However, sub-sectors like Cement and Plastic and Rubber Products posted modest positive results.

The index reached -3.62 in November, a marked improvement from October’s -28.16. Gains in sub-sectors like Natural Gas (+5.83) and Oil and Gas Services (+2.73) contributed to this rebound. However, sub-sectors such as Construction (-3.24) and Crude Petroleum (-21.79) continued to struggle.

According to the report, the sector remained under pressure, with an index of -2.08, reflecting ongoing operational difficulties and economic uncertainty.

While modest gains were recorded in the Trade BCM Index (+0.32), sub-sectoral performance was mixed. The Wholesale Sub-sector rebounded to +4.98, but the Retail Sub-sector lagged behind at -4.35.

One of the survey’s most concerning findings is the sharp decline in the Investment Index, which plummeted to -59.40. This reflects a significant lack of confidence in committing new resources to business expansion, particularly in non-manufacturing ventures. The report attributes this decline to prohibitive borrowing costs, exchange rate instability, and rising production expenses.
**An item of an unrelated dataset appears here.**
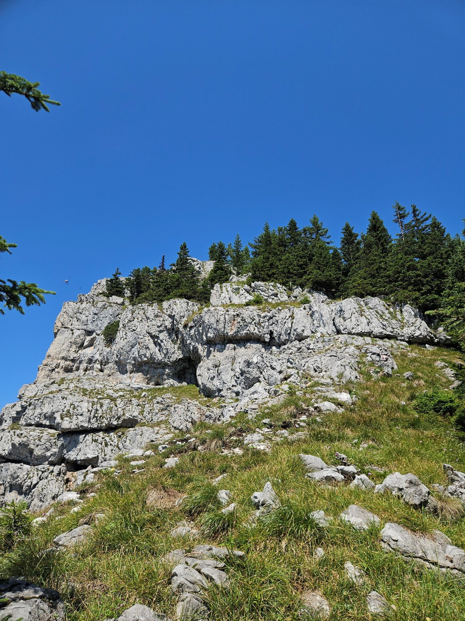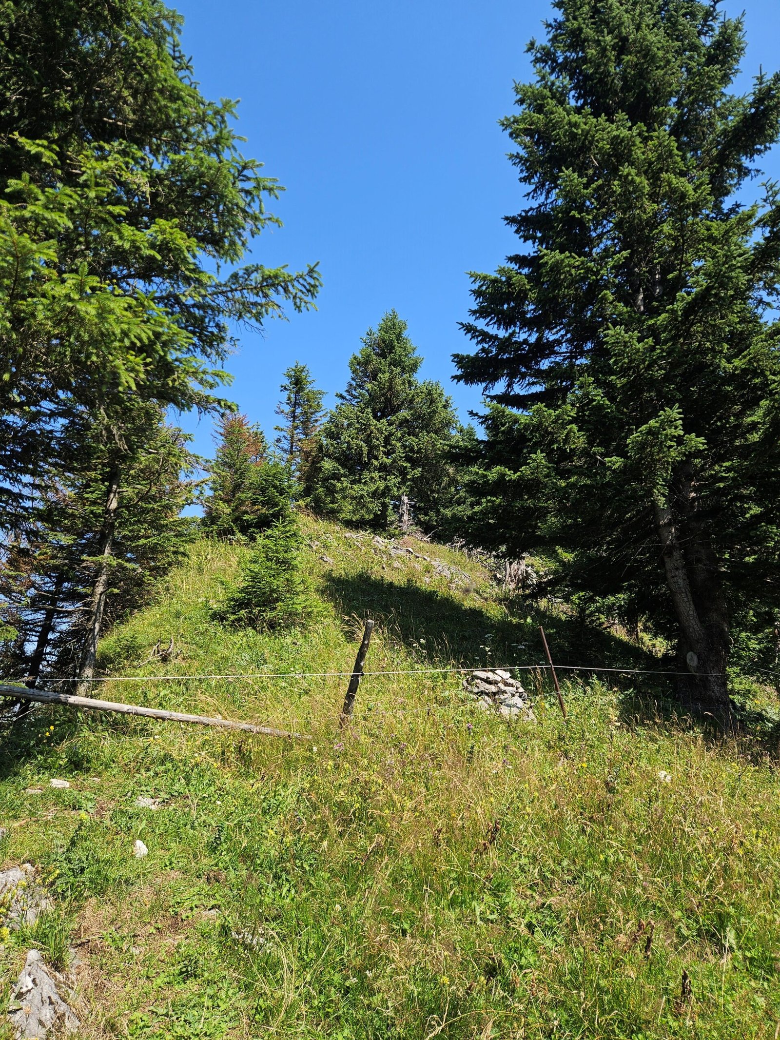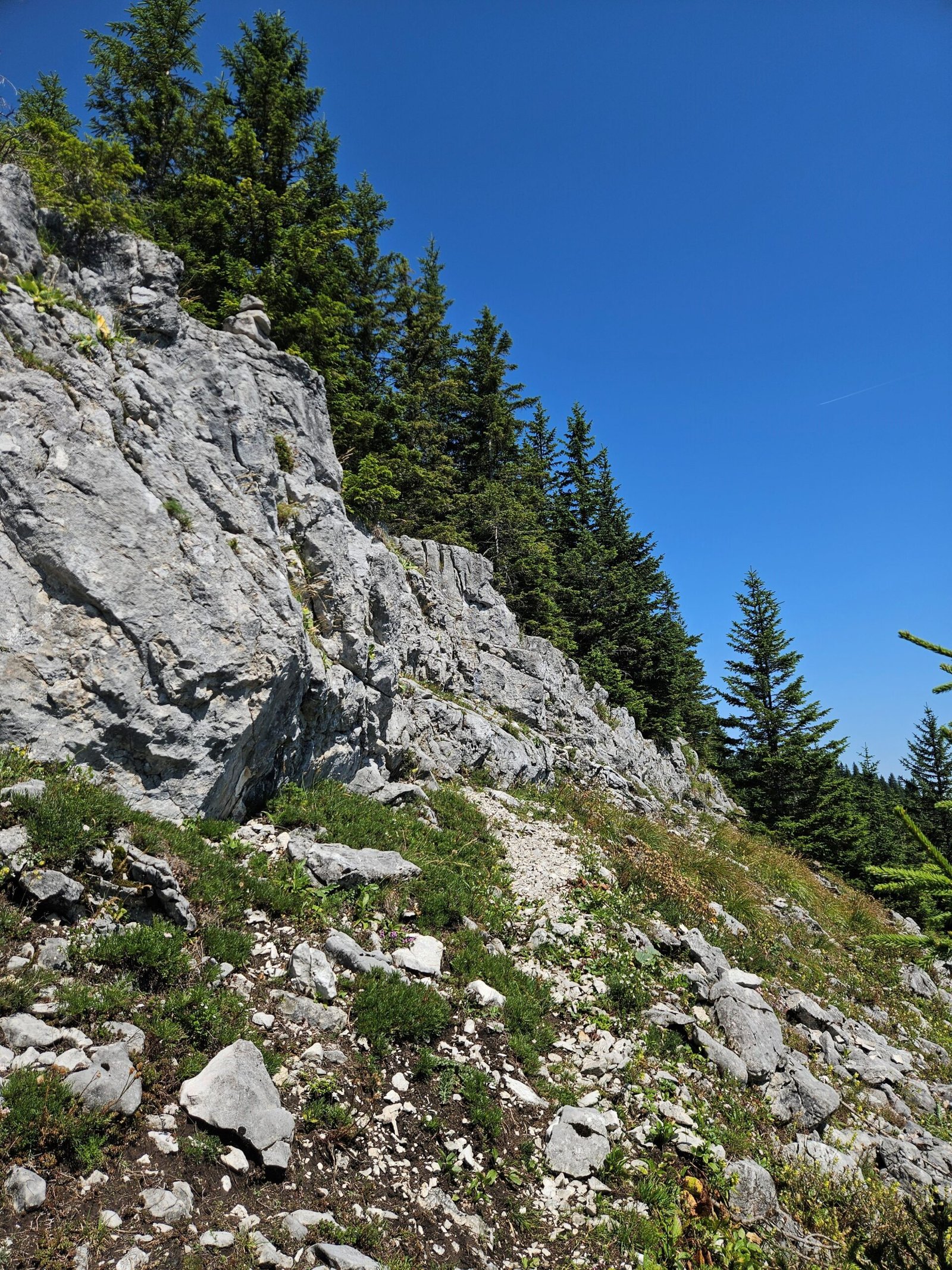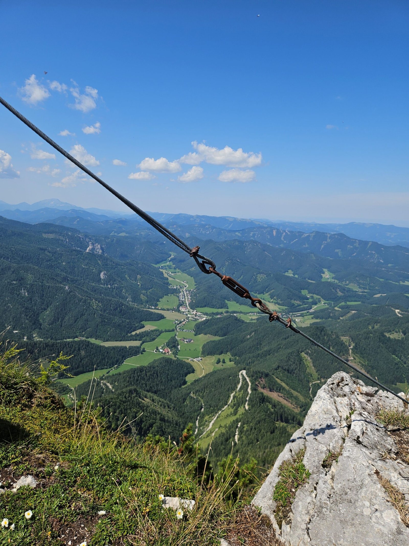 Während der Grat immer spitzer zuläuft, freuen wir uns über jedes kleine Bäumchen, welches uns hier noch angenehme Kühle spendet, denn Schatten ist von hier bis zum Gipfel absolute Mangelware. Am Ende des kleinen Bergwäldchens stehen wir dann recht unvermittelt vor dem Ende des Weges. Zumindest scheint es so, denn an ein Weiterkommen ist hier auf den ersten Blick nicht zu denken. Die Schlüsselstelle -und gleichzeitig der einzig versicherte Abschnitt des Steigs- überwindet den schärfsten Gratabschnitt mithilfe einiger gezielt platzierter Klampfen und dem einen oder anderen Stahlseil. Die Kletter(steig)schwierigkeit begrenzt sich auf ein absolutes Minimum (A/B), die viel beschworenen Schwindelfreiheit und Trittsicherheit sind hier aber zwingend erforderlich. Links geht es hier ein paar hundert Meter fast senkrecht nach unten, rechts immerhin auch um die hundert. Spannenderweise müssen wir die Kletterstelle aber nicht hinauf- sondern abklettern. Das stellt vielleicht auch die größere Herausforderung dar, als die reine Kletterschwierigkeit, denn es erfordert wie gesagt etwas Überwindung hier in den doch recht abschüssigen Gratverlauf hinein- und hinunterzukraxeln, als es vielleicht im Aufstieg der Fall wäre. Mit etwas nachgeschärfter Konzentration, immerhin befinden wir uns bereits in einem recht fortgeschrittenen Abschnitt der Tour, hangeln wir uns am Stahlseil nach unten. Etwas Vorsicht, denn oft hat das Seil ein wenig Spiel und ist bei einer Sanduhr im unteren Teil besonders locker verlegt worden. Wir verlassen über eine letzte leicht ausgesetzte Querung den Mittelteil und begeben uns hinüber in die abgewaschenen Felsstufen des südwestlichen Gipfelaufbaus. Hier ist die Wegfindung nicht immer so einfach und der Weg teils schlecht bis gar nicht markiert. Da hilft nur immer wieder ein beherzter Blick auf die Karte, denn das wesentlich verweilfreundlichere Gelände ist dafür nach der doch etwas pulsaktivierenden Partie von vorhin recht gut geeignet. Wir halten uns, auch wenn so manche Steigspur etwas anderes vermuten lassen würde, eher links und überwinden in weiterer Folge unschwierig zwei kleine Felsbänke.

Similarly, export activity contracted significantly, with the Exports Index falling to -4.52. This downturn highlights the adverse impact of high import costs, exchange rate volatility, and logistical challenges on Nigeria’s trade performance.

The report identifies several structural barriers hampering business performance in November 2024: Businesses faced elevated costs stemming from rising energy prices, expensive logistics, and inflationary pressures.

“ Fluctuations in the naira’s value drove up import costs, negatively affecting pricing strategies and profitability. The Central Bank of Nigeria’s recent hike in the Monetary Policy Rate further constrained businesses’ ability to access affordable financing. The Access to Credit Index stood at -19.09, highlighting the impact of high-interest rates. Frequent power outages forced many businesses to rely on costly alternative energy sources, exacerbating operational challenges.

“Despite the challenges, some positive trends emerged. The general business situation index rose to +46.1, driven by increased production and demand ahead of year-end festivities. Anticipating price hikes, consumers engaged in panic buying, temporarily boosting revenues for businesses.

“The Production Index climbed to +10.20, while improved cash flow conditions and employment gains provided a silver lining for certain sub-sectors, “ it stated.

The NESG-Stanbic IBTC BCM report emphasizes the need for urgent policy interventions to address the structural issues limiting Nigeria’s economic potential. Key recommendations include: Reduce borrowing costs and stabilize the naira to encourage investment and export activity; Invest in reliable energy and logistics infrastructure to lower operational costs for businesses; Implement measures to improve access to affordable financing, particularly for small and medium-sized enterprises; Provide targeted support to struggling sectors like manufacturing and services to stimulate growth; enhanced Trade Policies: Strengthen export incentives and trade agreements to boost Nigeria’s international trade performance.

The NESG-Stanbic IBTC BCM survey serves as a critical barometer of Nigeria’s economic health, revealing both the challenges and opportunities within the business landscape. While businesses have demonstrated resilience and adaptability, addressing the underlying structural barriers is essential to unlocking sustained economic growth. Without timely and effective policy action, Nigeria risks further economic stagnation in an increasingly competitive global market.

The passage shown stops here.